Sukces zaskoczył mnie samego. Piątka pracowników, którą zatrudniłem na początek, szybko przestała wystarczać. Musiałem przyjąć uczniów na naukę. Zresztą właśnie tak naprawdę brak wykwalifikowanych pracowników był na początku największą barierą rozwojową dla mojej firmy. Wkrótce jednak okazało się, że to jest najmniejsza przeszkoda… Kiedy dostałem pierwsze większe zlecenia z Niemiec, zatrudniałem już kilkanaście osób. Sam nie wykonywałem już wtedy zawodu, siedziałem tylko za biurkiem – byłem prezesem! Pomyślałem, że może czas zatrudnić jakiegoś fachowca od zarządzania i marketingu, bo to wszystko zaczęło przekraczać moje umiejętności.

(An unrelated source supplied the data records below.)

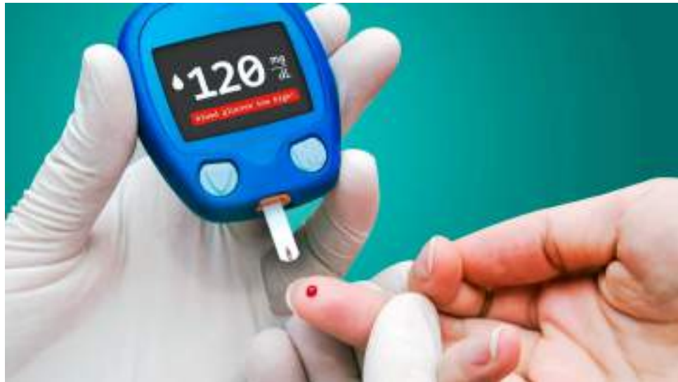
En el tratamiento, es importante hacer monitoreo a los niveles de glucosa.

Existen tres tipos de diabetes, la 1, la 2 y la gestacional. Las primeras dos son las principales y es común que se confun-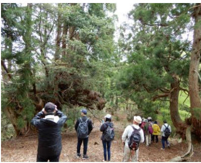
イメージ：アルファトラベル提供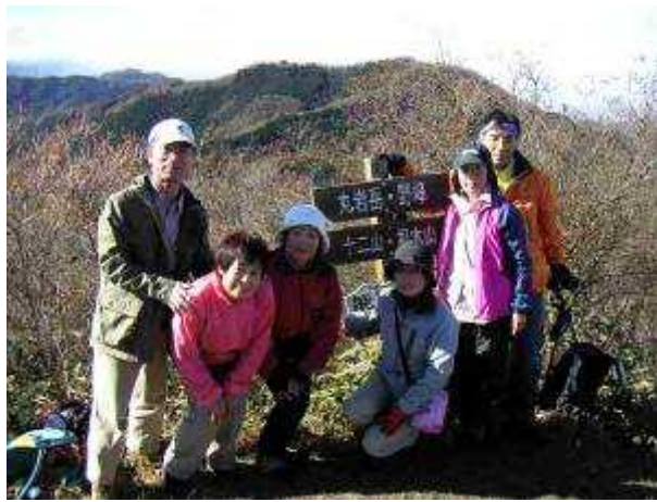
熊鷹山山頂 ( 後方は根本山 )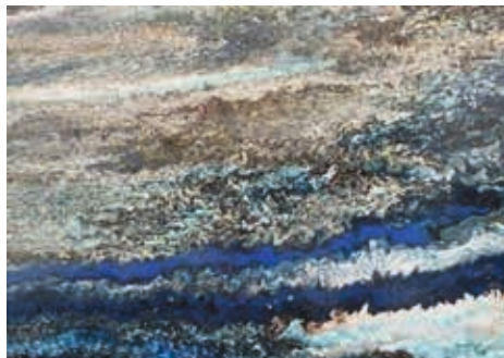
Hamid EL BOUANANI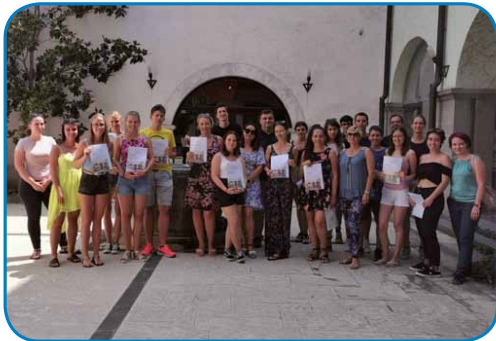
Skupinska slika po podelitvi certifikatov

Dałem ogłoszenie w gazecie w Kielcach

Wkrótce zgłosiło się paru chętnych. Ale jak zrozumieli, że praca będzie właściwie na wsi, a na dodatek za nieduże pieniądze (na wysoką pensję nie było mnie stać) zaczęli rezygnować. Wtedy zadzwonił do mnie burmistrz, że ma odpowiedniego kandydata dla mnie. Był nim jego syn, który ukończył jakąś prywatną uczelnię na wydziale zarządzania i marketingu. Nie miałem do niego przekonania, bo trochę go znałem i prywatnie uważałem za głupka. A to, że skończył studia było chyba jakimś totalnym nieporozumieniem. Albo wynikiem tego, że jego ojciec sowicie za te studia zapłacił. Jednak miałem na tyle rozsądku, żeby nie odmówić tej kandydaturze.

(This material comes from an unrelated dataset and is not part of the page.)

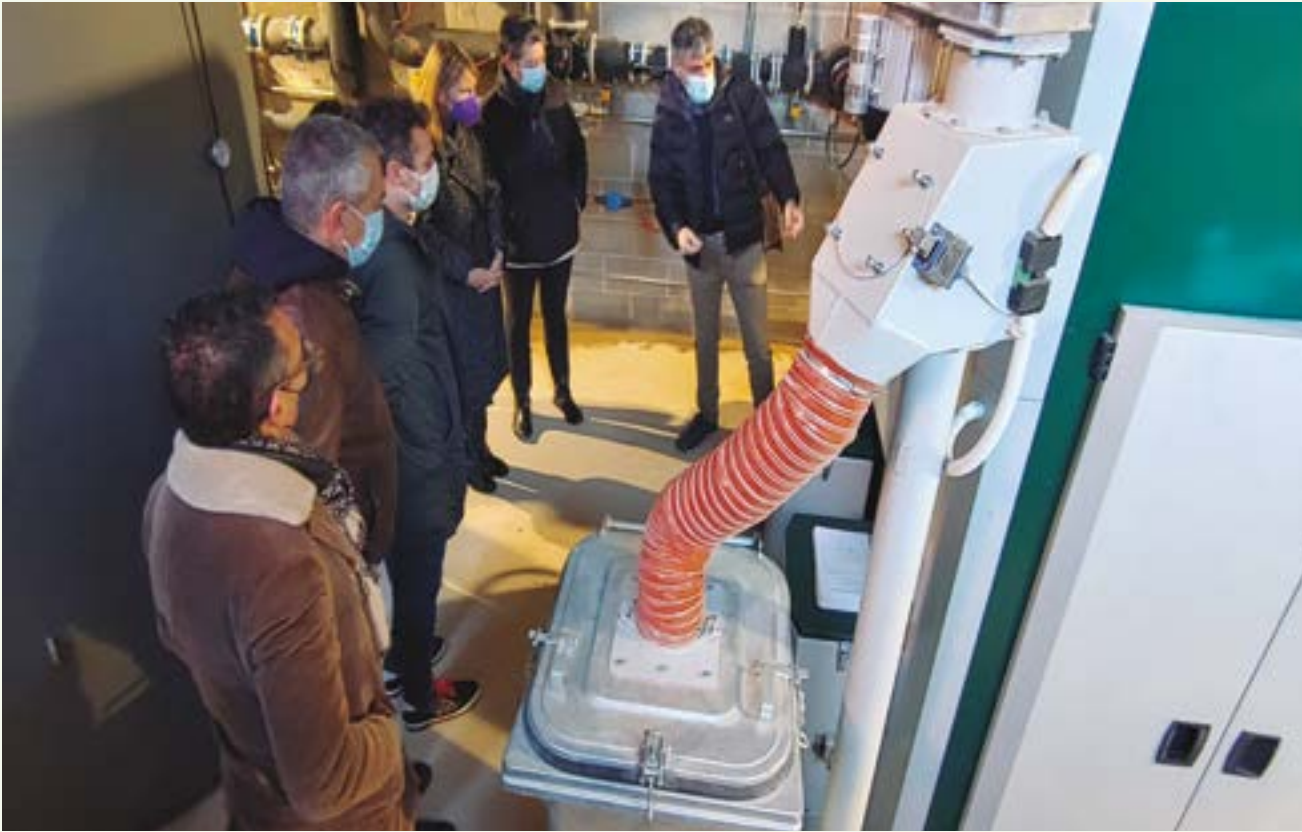
Desde finales de 2021, la caldera de biomasa de La Parellada proporciona agua caliente para las duchas y la calefacción de la escuela, el polideportivo (incluida la piscina) y los vestuarios del campo de fútbol

– Zastanowię się, panie burmistrzu – odpowiedziałem. – Zastanowię się i dam znać.

– Tylko radziłbym nie zwlekać długo, bo to się nie opłaca – głos był zdecydowanie nieprzyjemny.

– Nie rozumiem. Co pan ma na myśli?

– Nic. Proszę się szybko zastanowić – rozłączył się bez pożegnania.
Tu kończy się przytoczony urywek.